- **TASK INSTRUCTIONS**
Output the lines from the one holding "Download or print" to the end of the entries that follow, exactly and only those, minus any pictures.

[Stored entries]
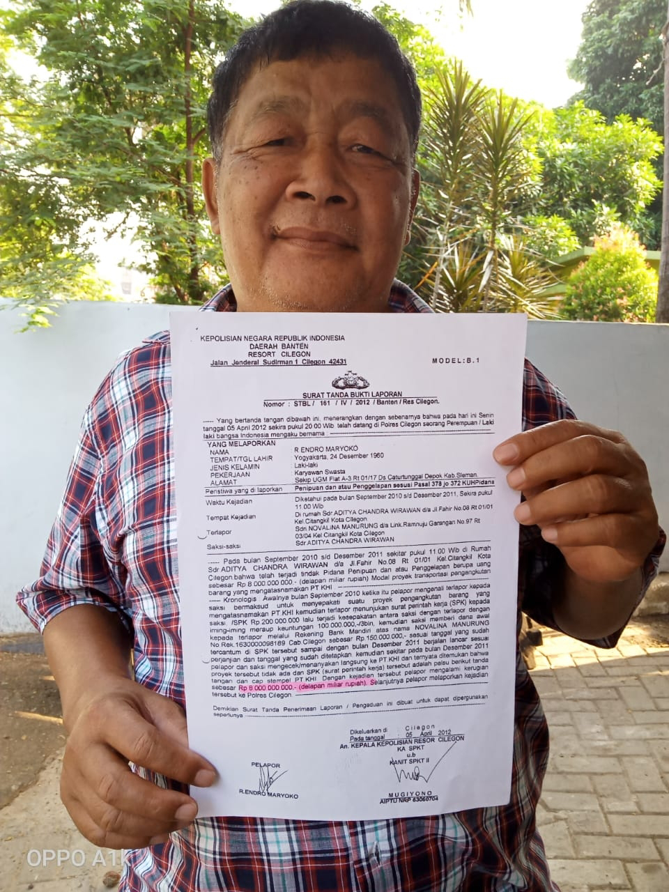 Endro mengatakan, kasus yang dilaporkannya seperti jalan di tempat. Padahal laporan tersebut sudah dibuat pada 5 April 2012 dengan nomor STBL/161/IV/2012/Banten/Res Cilegon, selain itu pula terdapat kabar bahwa AKP M. Manurung pada saat itu pernah menjabat Pulo disalah satu kesatuan dikepolisian wilayah Merak.
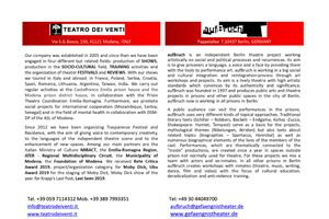 Free man walking – theatre as a tool for detainees' integration is a European Project that has Teatro dei Venti as leader partner and aufBruch (Germany), Fundacja Jubilo (Poland) and UPSDA (Bulgaria) as partners. The four organizations share the problems and needs related to the art of practising theatre in prison with prisoners and aim to improve the effectiveness, feasibility and sustainability of theatre work in prisons, as a means of social and personal rehabilitation for detainees.
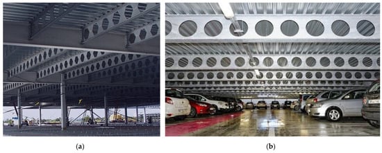 Applications of composite alveolar beams []: (a) With castellated section; (b) With cellular section.
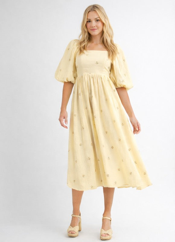 This dress showcases exquisite all-over embroidery on soft textured cotton fabric. The back smocking and elastic waist ensure comfort, resulting in a relaxed yet stylish look that's perfect for any occasion
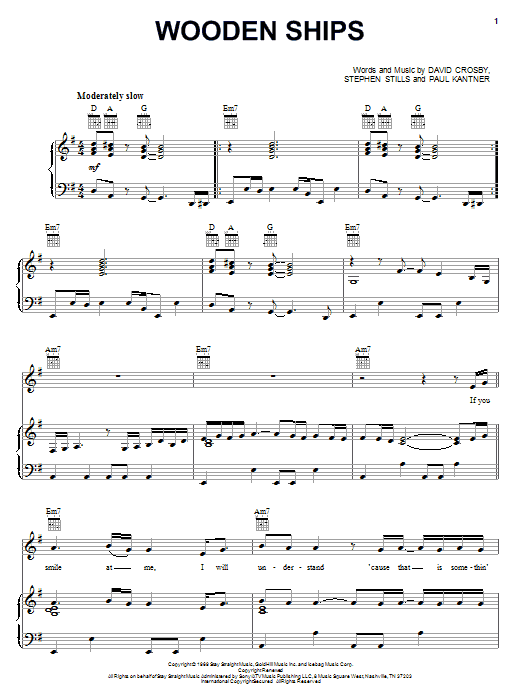Download or print Crosby, Stills, Nash & Young Wooden Ships sheet music, chords and digital score arranged for Piano, Vocal & Guitar Chords (Right-Hand Melody). This Pop score includes 9 page(s).
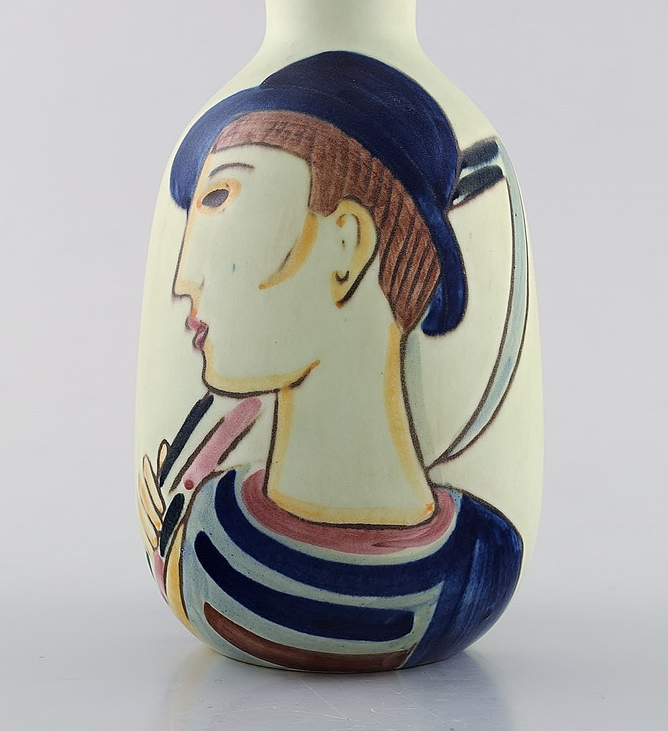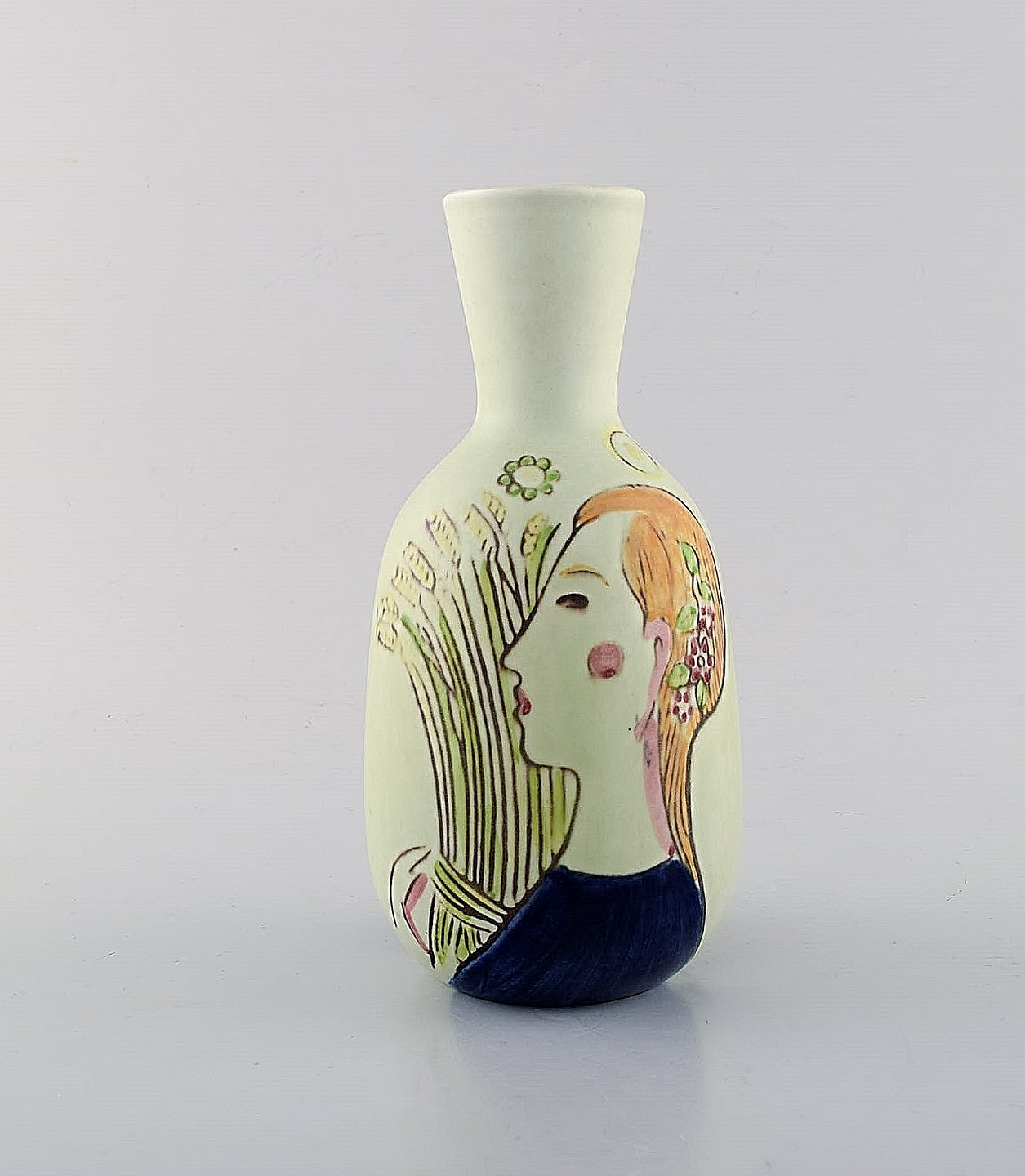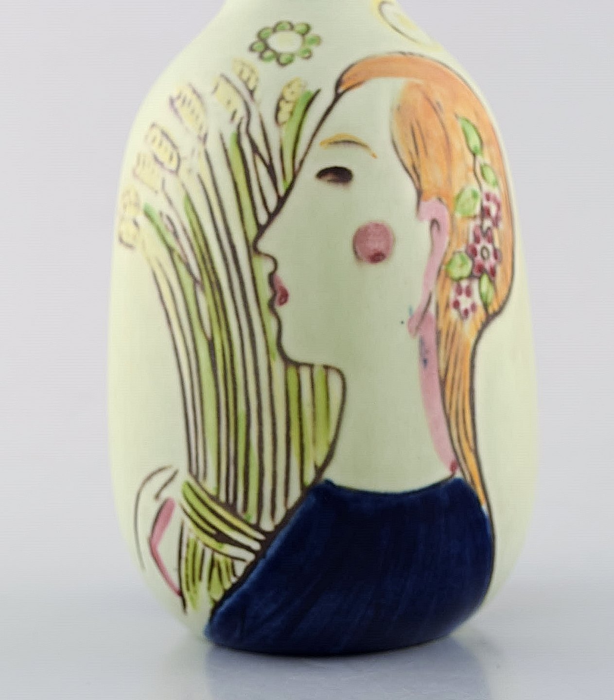 Carl-Harry Stålhane for Rörstrand/Rørstrand. Vase i glaseret keramik. Håndmalet bonde motiv. 1960'erne.
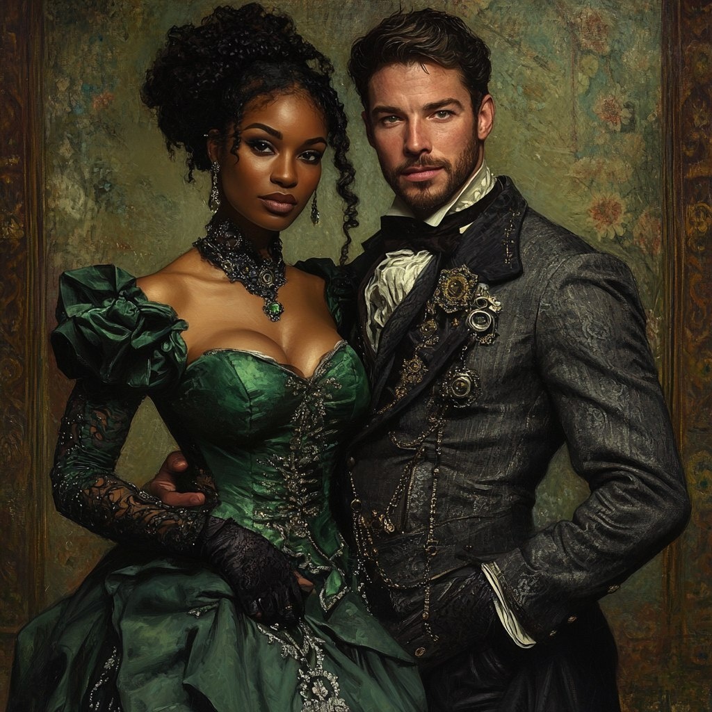 Создано на основе запроса: a portrait of a mixed race couple where the woman is a 34 year old African American and the man is a 38 year old English man. Put them in a steam punk country manor setting with him in English grays and she is wearing an emerald green gown with her hair up. --- Автоперевод: Портрет пары смешанной гонки, где женщина - 34 -летний афроамериканцы, а мужчина - 38 -летний английский мужчина. Как тебе иллюстрация? 🤔 https://dzen.ru/id/65c0c65c86e4f837c27b24d7 #ИИ #AI #нейросеть #midjourney #art

- **ANSWER AREA**
Download or print Crosby, Stills, Nash & Young Wooden Ships sheet music, chords and digital score arranged for Piano, Vocal & Guitar Chords (Right-Hand Melody). This Pop score includes 9 page(s).
 Carl-Harry Stålhane for Rörstrand/Rørstrand. Vase i glaseret keramik. Håndmalet bonde motiv. 1960'erne.
 Создано на основе запроса: a portrait of a mixed race couple where the woman is a 34 year old African American and the man is a 38 year old English man. Put them in a steam punk country manor setting with him in English grays and she is wearing an emerald green gown with her hair up. --- Автоперевод: Портрет пары смешанной гонки, где женщина - 34 -летний афроамериканцы, а мужчина - 38 -летний английский мужчина. Как тебе иллюстрация? 🤔 https://dzen.ru/id/65c0c65c86e4f837c27b24d7 #ИИ #AI #нейросеть #midjourney #art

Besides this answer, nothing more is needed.